I’ve finished The Happiness Project now.  The point is that an accretion of small things (or a lack of accretion of small things, in the case of negative stuff) is what forms a greater sense of happiness.

One of the small things that I pondered was the way she describes her books of clippings, trivia, etc., and I was going to start one of those, but, being me, I would much rather babble on about those things and share them with other people than have a book on a shelf that only I and my family might consult.

One of my major sources of trivia off the beaten paths is looking things up for stories.  Here’s some of the trivia that I ran across for Lady of the Floods.

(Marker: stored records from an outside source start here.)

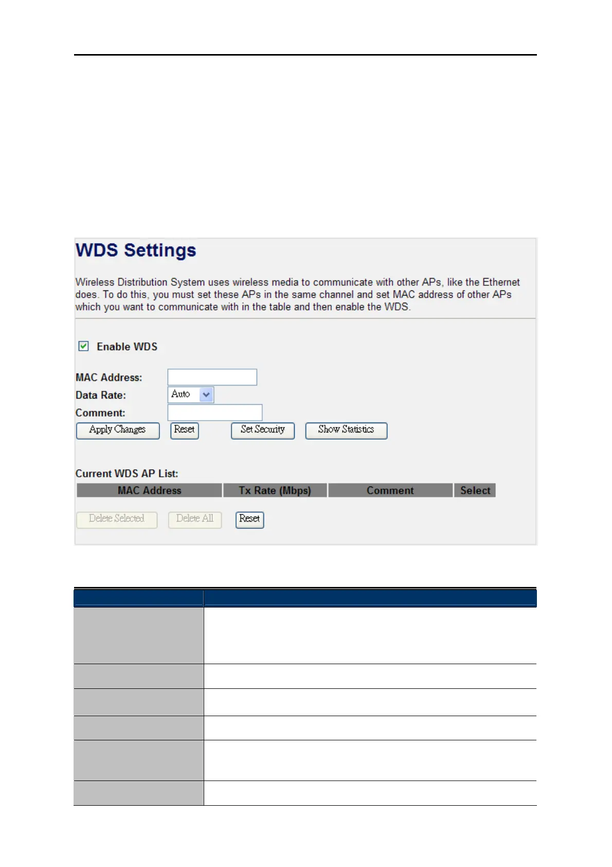 other APs which you want to communicate with in the table and then enable the WDS.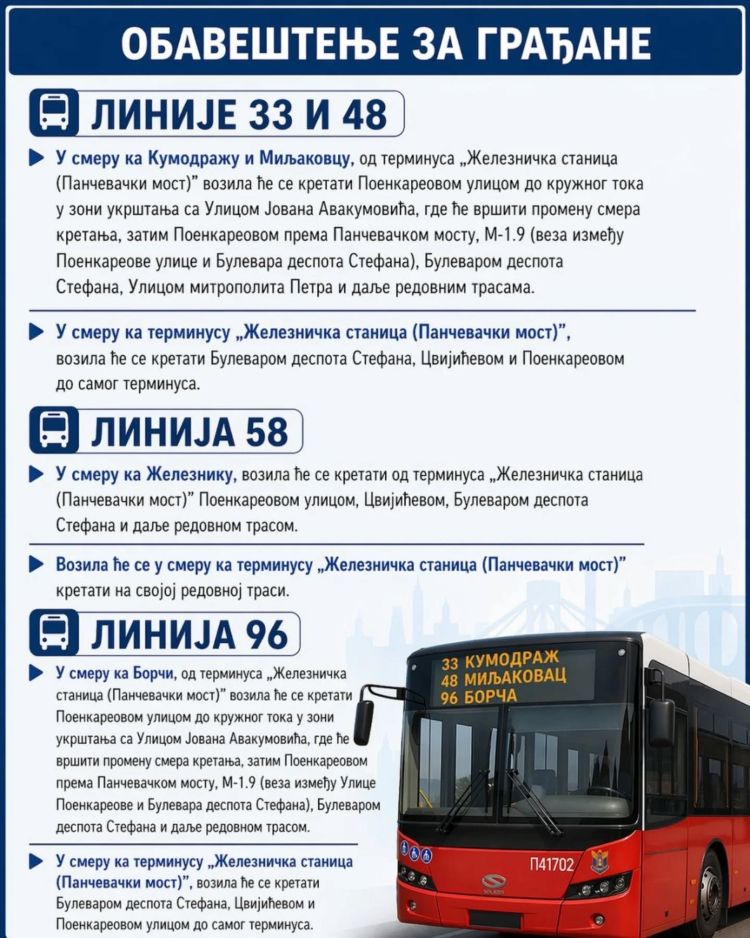 Градска општина Палилула обавештава грађане да је дошло до измене режима саобраћаја на линијама 33, 48, 58 и 96, због чега ће возила у одређеним правцима саобраћати измењеним трасама.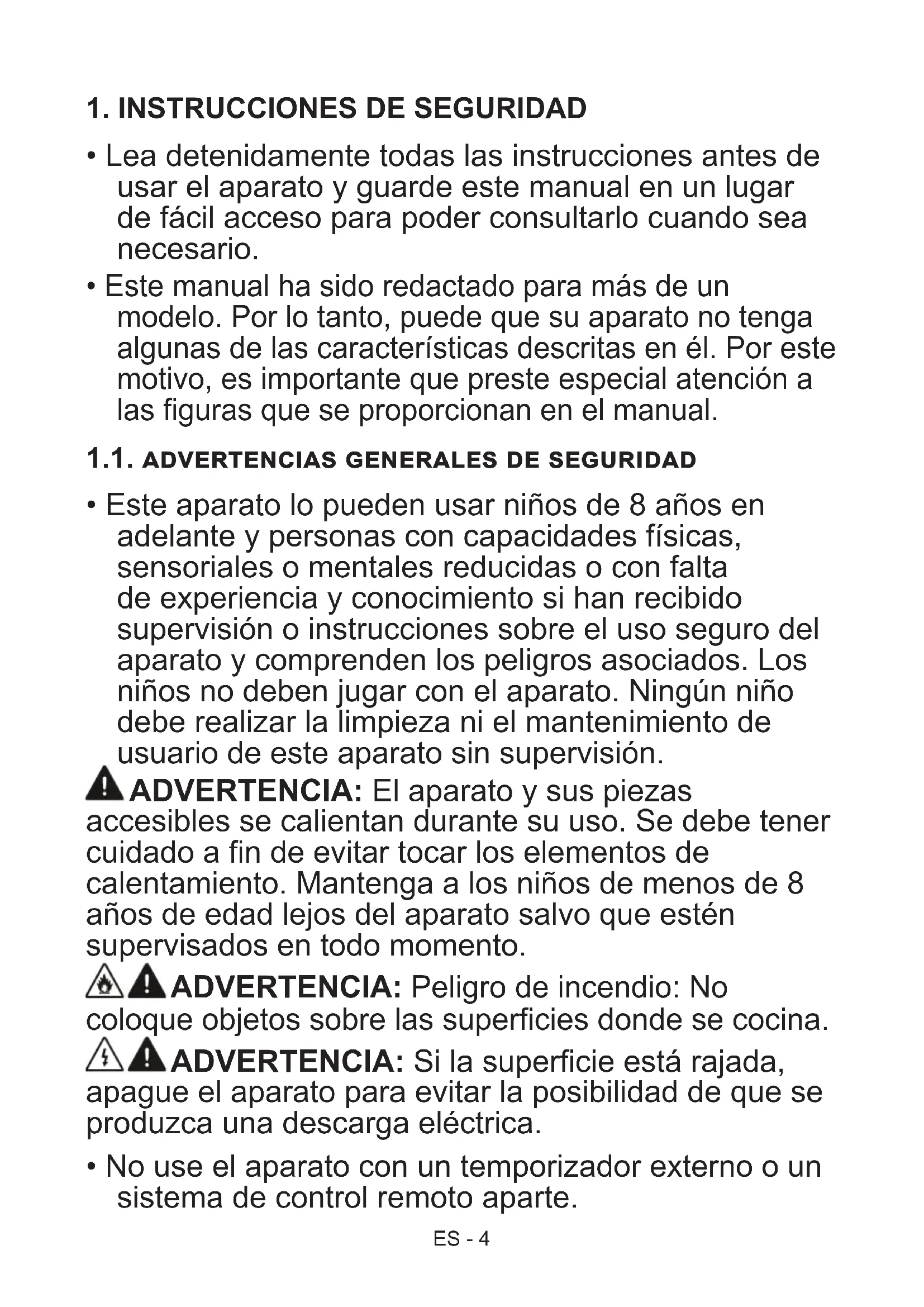 - Este aparato lo pueden usar niños de 8 años en adelante y personas con capacidades físicas, sensoriales o mentales reducidas o con falta de experiencia y conocimiento si han recibido supervisión o instrucciones sobre el uso seguro del aparato y comprenden los peligros asociados. Los niños no deben jugar con el aparato. Ningún niño debe realizar la limpieza ni el mantenimiento de usuario de este aparato sin supervisión. ADVERTENCIA: El aparato y sus piezas accesibles se calientan durante su uso. Se debe tener cuidado a fin de evitar tocar los elementos de calentamiento. Mantenga a los niños de menos de 8 años de edad lejos del aparato salvo que estén supervisados en todo momento. ADVERTENCIA: Peligro de incendio: No coloque objetos sobre las superficies donde se cocina. ADVERTENCIA: Si la superficie está rajada, apague el aparato para evitar la posibilidad de que se produzca una descarga eléctrica.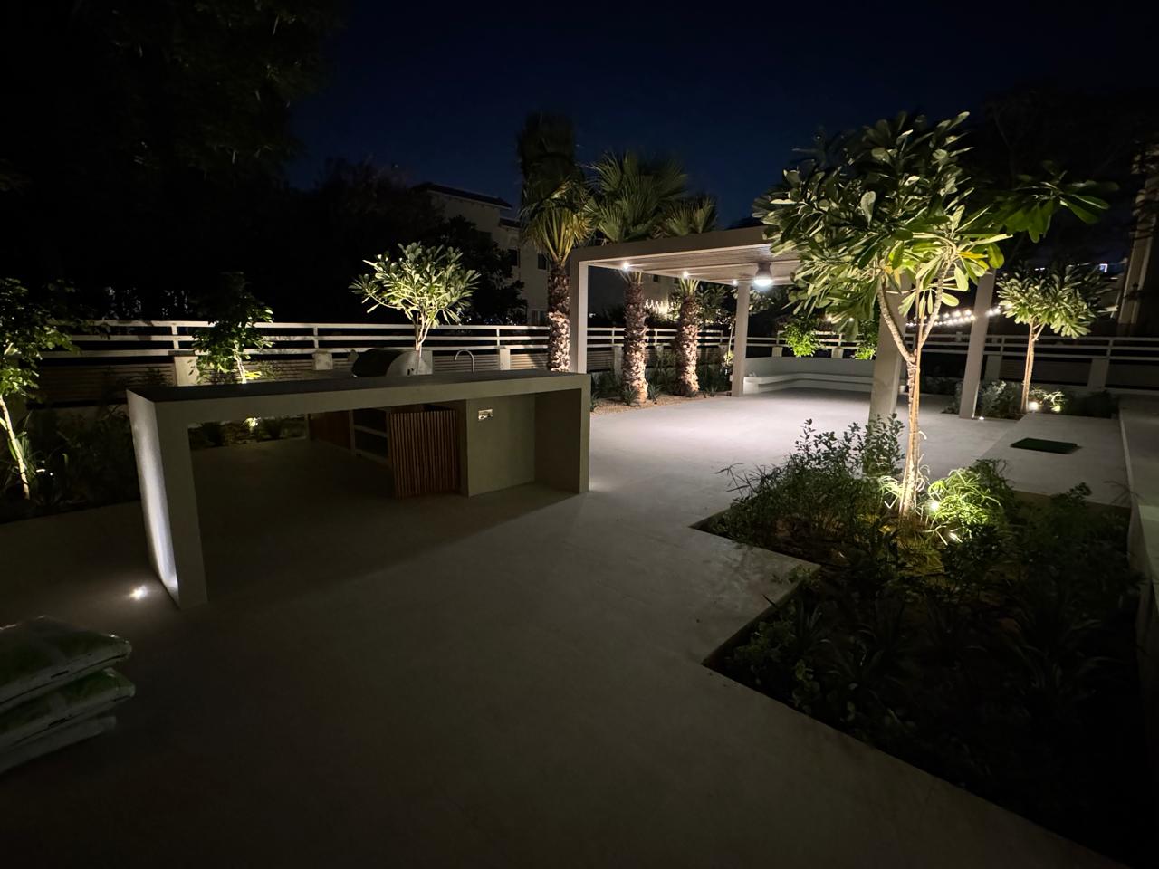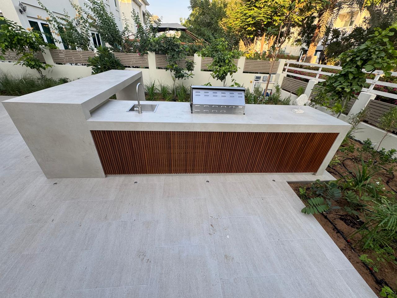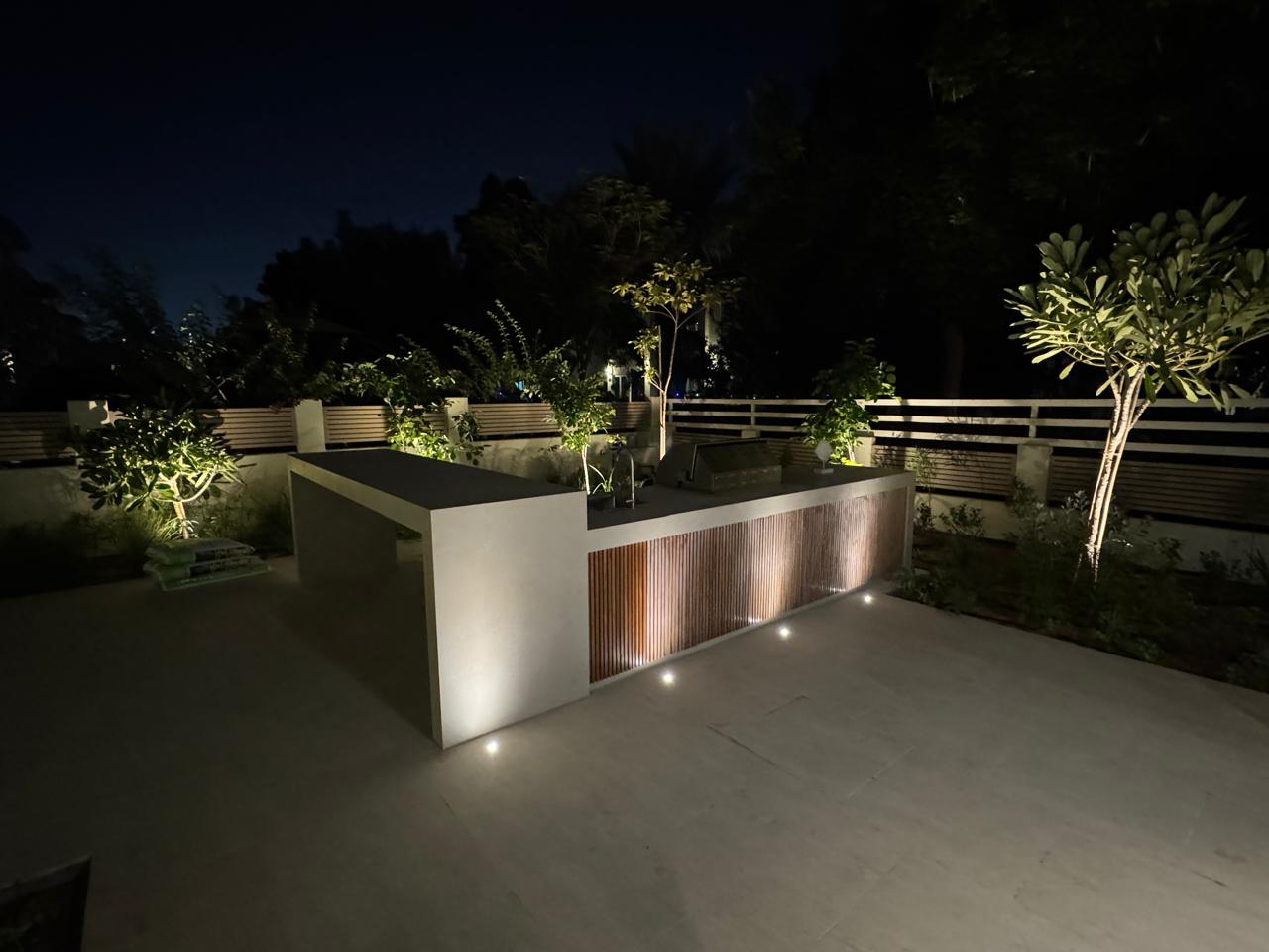 At the heart of the garden, a sleek shade structure offers a serene dining area, while the modern L-shaped BBQ and bar counter seamlessly blend style and functionality—bringing the entire space together as a cohesive, luxurious outdoor experience.

  • Babylon is a johnny-come-lately of civilizations.  Tales of the flood in Babylonian literature come from earlier civilizations, like Sumer.  Here’s the short chronology timeline, which places the sack of Babylon at a mere 1531 BC.   For some reason, I had it in mind that Babylon was ancient, even among the ancients.  But Hammurabi was about the same time as the Old Testament Patriarchs.
  • The flood myth is all over the Mediterranean:  Egypt, Greece, Sumer, Israel, etc.  The Sumerian flood myth was written down in 2150 BC, and I saw all kinds of possible dates for it.  The Sumerian myth involves the city of Shuruppak.
  • Shuruppak was supposedly a city of grain storehouses and is known for The Instructions of Shuruppak,  which has aphorisms that would make Nietzsche proud:  “You should not have sex with your slave girl; she will chew you up” “You should not curse strongly:  it rebounds on you” “Fate is a wet bank:  it can make you slip.”  The major concerns are running a business, running a household, and maintaining a good reputation.  A far cry from the Ten Commandments; they’re more worried that you obey your parents than that you obey any gods or not kill people.
  • A flood wiped out Shuruppak in 2900-2800 BC.  According to the Sumerians, the gods created humanity as slaves, and some of the gods finally got sick of them about 2900 BC and tried to kill them all in order to get some peace and quiet.  So I can see where worshiping the gods might not be a high priority for that culture.
  • I found a theory saying that asteroids caused Noah’s flood.  I like, no matter how realistic or unrealistic it is.  I mean, it should be pretty obvious if it’s true:  similar deposits should be all over the place from the same period, yet they aren’t, as far as I know.  But people who could calculate the seasons using the stars might possibly notice that something new has showed up in the heavens and is moving quickly.  I wonder if, in a culture that is tied to the water for transportation, it might be natural to have boats around that are designed to survive the seasonal floods.  In Noah’s case, they were a bunch of sheep herders, so it kind of sounds weird.  But for a community based on moving a lot of grain around, it makes more sense.
  • The Epic of Gilgamesh doesn’t come from Babylon but from Sumeria (post-flood).  Gilgamesh was so famed for raping women (“Gilgamesh does not leave a girl to her mother(?) The daughter of the warrior, the bride of the young man, the gods kept hearing their complaints”) that the gods begged Anu (the chief of the gods) to create him a male lover, because it was just too disruptive.  That’s right.  When you’re too macho for the women, you get promoted to being gay.

I had fun doing the research for the story, but the style was really hard to catch.  The Epic of Gilgamesh’s language is so concrete that it’s poetic.  In English, we have all kinds of tricks that allow us to skip past concrete language–this sentence, for instance.  Which made for interesting writing, but was like pulling teeth to get on the page.